Today was one of those days. My firefighter went straight to the Fire Academy to teach for the day, after his 24+ hour shift, where he will work another 80 hours by Monday.
My 1-year-old woke up at 4:45 a.m. for the day.
My 3-year-old slept in my bed, and the baby woke her up for the day at 5:30 a.m. She was an emotional tornado all morning. “I want my daddy,” she whimpered over and over—the attitude seeped through every part of her being.
I accidentally poured milk into my coffee instead of creamer (meaning, my brain wasn’t quite doing its thing).
We started homeschool lessons early, knocked out a few loads of laundry, did a quick mop of the kitchen, and then I sat down for reading with my 6-year-old.
The house was freakishly quiet, other than the Baby Bum songs quietly playing on the TV for my 1-year-old while he played.
Where, oh, where had my sassy 3-year-old gone?
Then I found her. Playing in her bathroom sink.
She was mixing her pink toothpaste and the baby’s clear toothpaste. She was swirling water and soap concoctions in the soap dispenser that dribbled all down the cabinet and floor. She quickly became angry that I was less-than-thrilled with the mess she made.

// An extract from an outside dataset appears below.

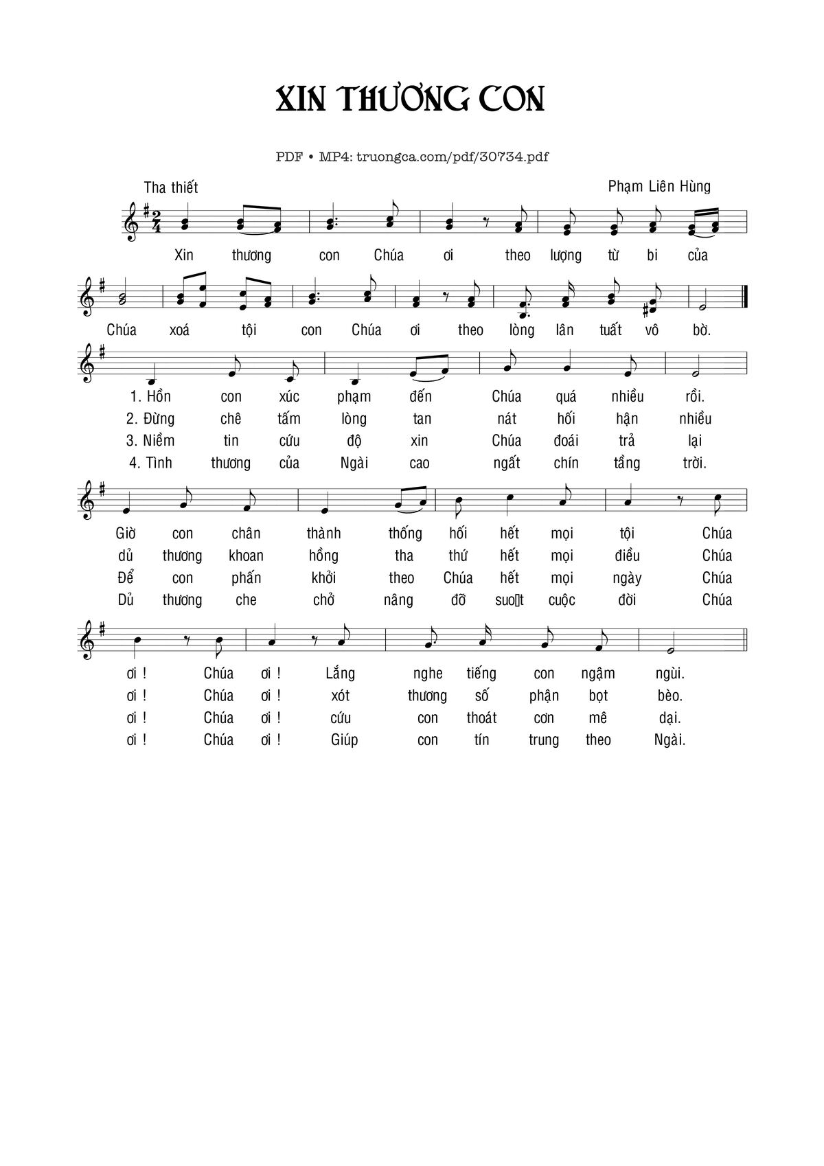Sheet music Xin thương con by Phạm Liên Hùng and PDF file was posted here to support you to practice singing perfectly. Sheets with notes and chords are for reference only, for non-commercial purposes only, not involved with earning money by buying and selling. Copyright is belong to song writer/author and copyright owner. Truongca.com do not own any copyrighted content. You can download the high-quality PDF files which contain staffs by PDF link above.

As I mentally huffed and puffed my way through cleaning another mess this morning, the emotional gut punch took my breath away.
God sees all of my shortcomings, insecurities, and continuous messes and still loves and welcomes me with arms wide open.

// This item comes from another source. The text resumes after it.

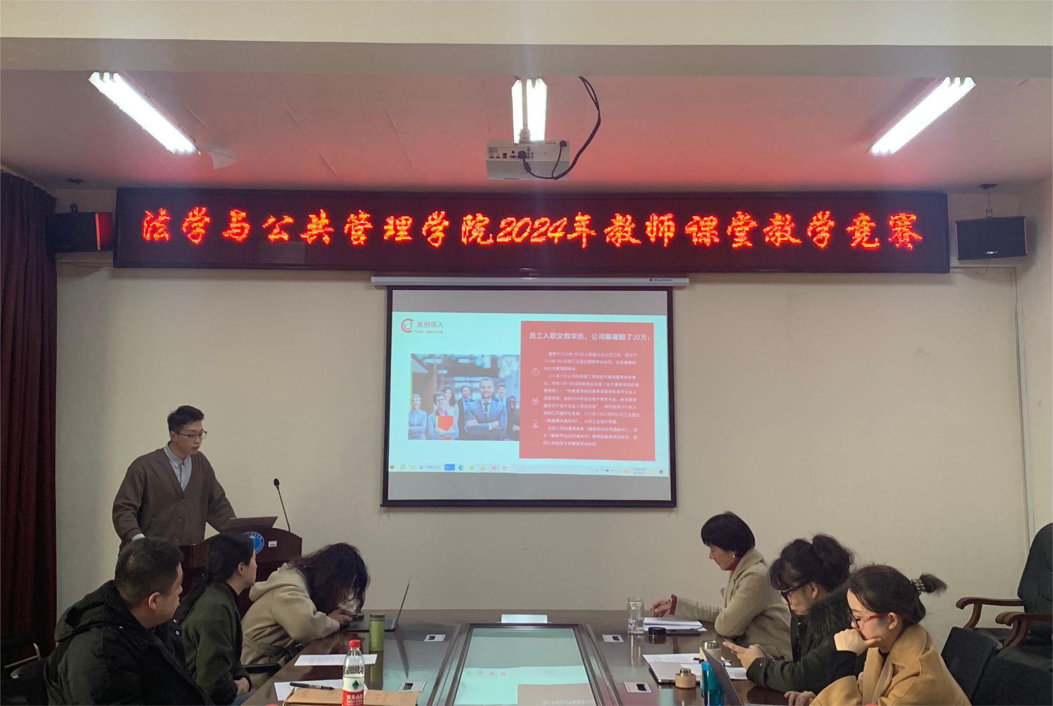 (本网讯)为提升教师课堂教学水平,激发教师的教学热情和创新活力,3月7日下午,法学与公共管理学院在办公楼414会议室举办教师课堂教学竞赛。学院共有15位青年教师积极参赛。比赛现场为确保竞赛顺利进行,学院成立了以院党委书记欧倩为组长、副院长彭赛红为副组长,各专业系系主任为成员的教学竞赛工作小组。工作小组精心制定了竞赛方案,并广泛发动、认真组织,为参赛教师提供了良好的竞赛环境。赛前,彭赛红介绍了课堂教学竞赛要求,...

He embraces me and uses my messes as opportunities to draw closer to Him and grow in the process.
Instead of looking at the constant messes in my house through the lens of frustration, I want to be thankful that my kids are living life. I want to take the opportunities to teach them and watch them grow. I want to include them in the process so they can learn.
Regardless of whether you feel like all you do is wash dishes, break up fights, vacuum crushed Goldfish, change dirty diapers, and concoct snacks so your non-eater will eat, you are doing important work. You are growing and learning.
Maybe we can surrender those negative thoughts of defeat and replace them with opportunities to grow, worship, and teach.
I’m not the best chaos embracer, but I’m trying. Sometimes I think that is exactly where we need to be to have chaos turn into a grateful heart.